We’d sat next to each other at Dolores Park. Next to each other as we ate tacos at La Gaillenita. Next to each other on the couch at the home he was dog-sitting at, and next to each other on the couch at the home where I was dog-sitting. 

We rotated our bodies towards each other on the couch. His eyes were soft, his face open, and I understood that the Modern Love column that said you can fall in love with someone by looking into their eyes for five minutes wasn’t about looking, but about seeing and being seen. I couldn’t hold his gaze, though. I glanced down, back at up him, looked away again, shy, and when my eyes turned back to him, the tenderness in his eyes held me.

Oh shit, I said.

What, he said.

I’m super turned on. (editor’s note: TMI, SRY)

Let’s date slowly, we decided, and casually. Ten-hour dates aren’t casual, we agreed. Let’s see each other next Tuesday afternoon, and use my 5 pm writing class as a deadline, an outside time limit. Two hours, maybe three.
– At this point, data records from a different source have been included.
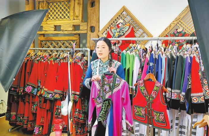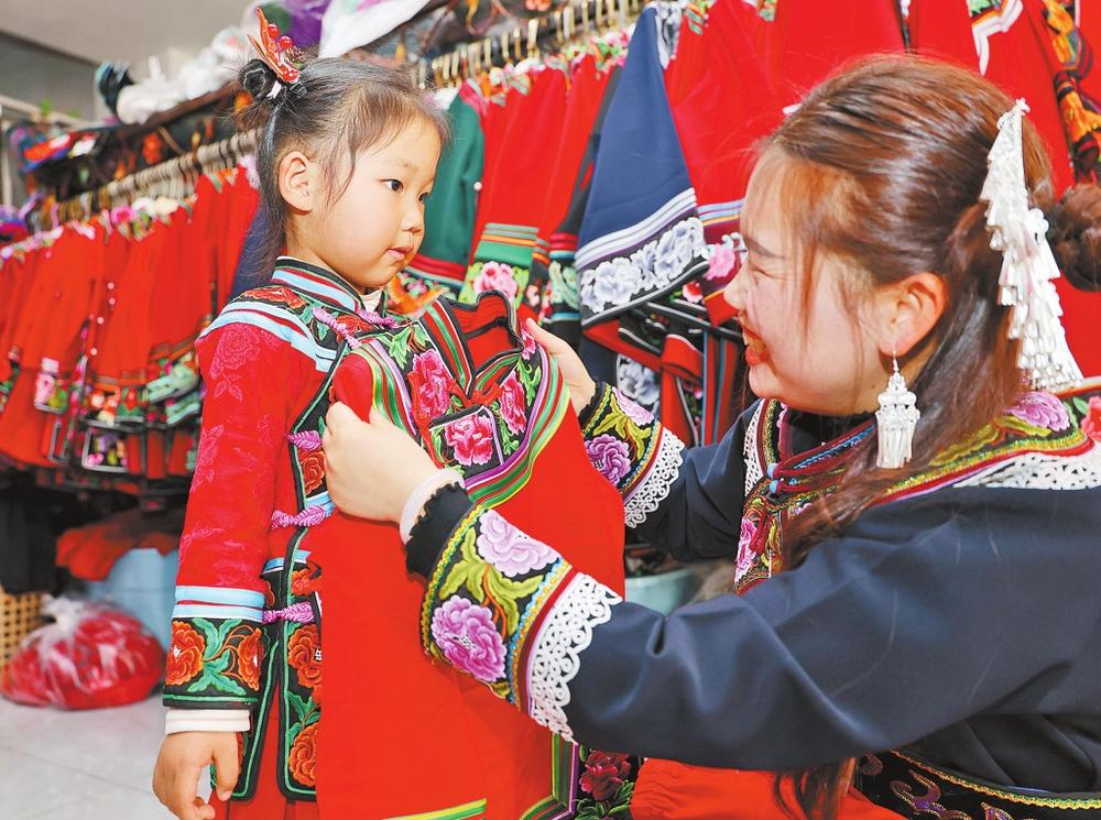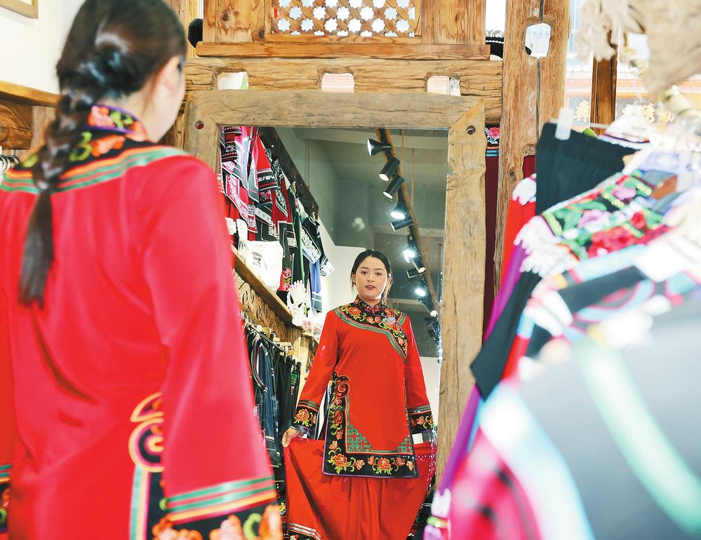“古夷服饰”店里,一位顾客正在试穿彝绣服装。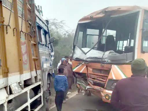 हरदोई। गुरुवार सुबह घने कोहरे के कारण एक बड़ा सड़क हादसा हो गया। उन्नाव-कटरा हाईवे पर दिल्ली से हरदोई जा रही उत्तर प्रदेश राज्य परिवहन निगम की एक रोडवेज बस सामने से आ रहे ट्रक से टकरा गई। इस दुर्घटना में बस चालक और परिचालक सहित कुल आठ यात्री घायल हो गए, जिनमें से पांच की हालत गंभीर बताई जा रही है।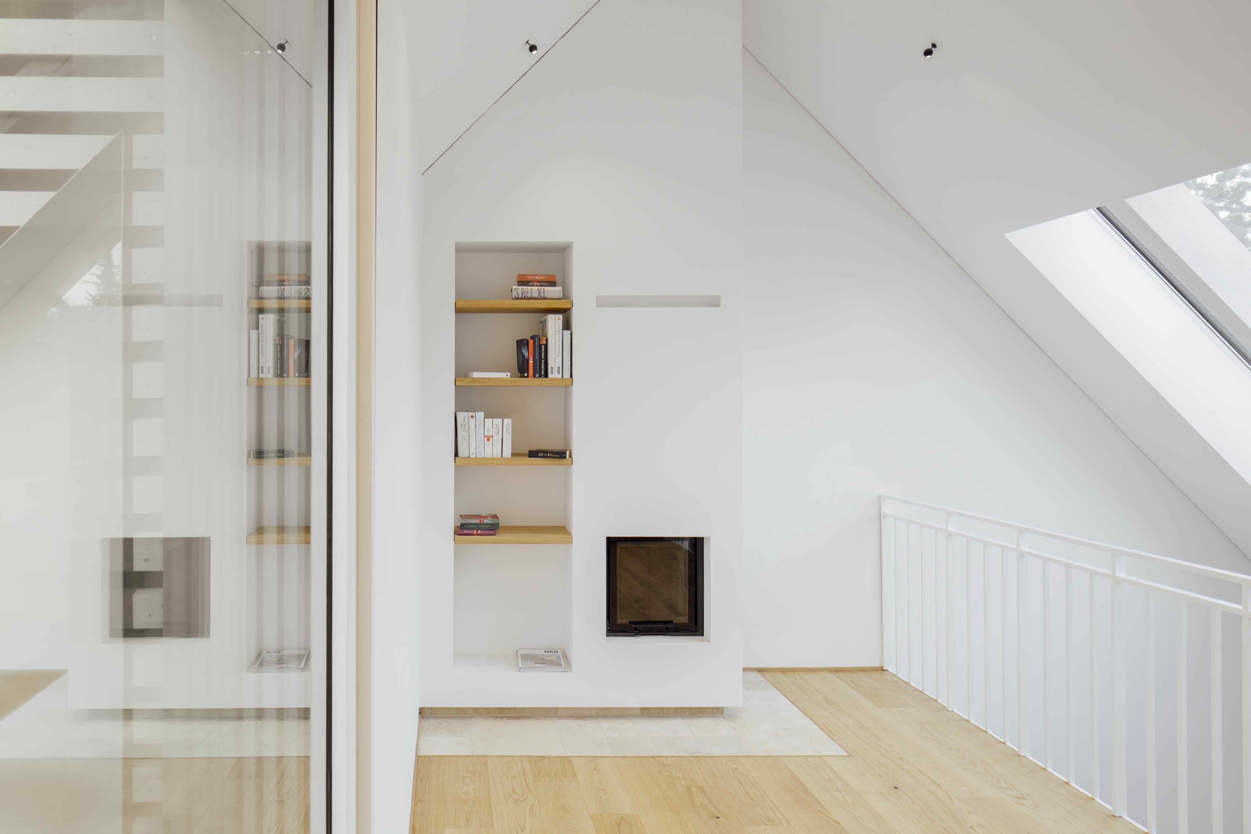 W poddaszu znajduje się półprywatna galeria z kominkiem, intensywnie doświetlona wschodnim świetlikiem oraz w pełni przeszkloną fasadą prowadzącą na zachodni taras. To miejsce do wyciszenia, pracy lub spotkań, które z łatwością może pełnić funkcję dodatkowego pokoju gościnnego.

I revisit my diary tonight. I am looking for an old entry that I was sure started, “He’s not happy,” and in searching for it, I come across thousands of words written a year ago, two years ago, three, about our relationship and about how shitty things were, how shitty we were. I was no angel, but I didn’t write about that (who writes about that in their diary?). But what I did write about was how mean he was, the hurtful things he said, and said again, and the way he blamed me when they upset me. I clicked through those entries, relived those moments that I’d long since forgiven, that feel so long ago, and I realized they aren’t gone, they haven’t disappeared. I hold them in my body. They’re behind the eyes he is looking into with such tenderness. They’re tense in my muscles when he makes a joke I’ve heard before. I hear them when I look in the mirror at the skin gravity is pulling down, and they’re whispers in my ear when I write something I’m not happy with. I hear his words when he rests his hand on my arm and when his fingers are soft on my hair and I hear them when I admit to not knowing the origins of a historical event and he fills me in and they come as a nearly imperceptible wince when I show up late.

Seeing each other fosters emotional intimacy, but trust, I think, might need more time.


Do people kiss on first dates, I ask him.

That’s what I’ve been trying to figure out, he says.

They either don’t kiss at all or they have sex, I say.

That sounds about right, he says.

Right before he leaves, he kisses me at the door. One, two, three times.

I stammer.

What, he says.

Do you have a boner, I say.

Sure do, he says, and he is out the door.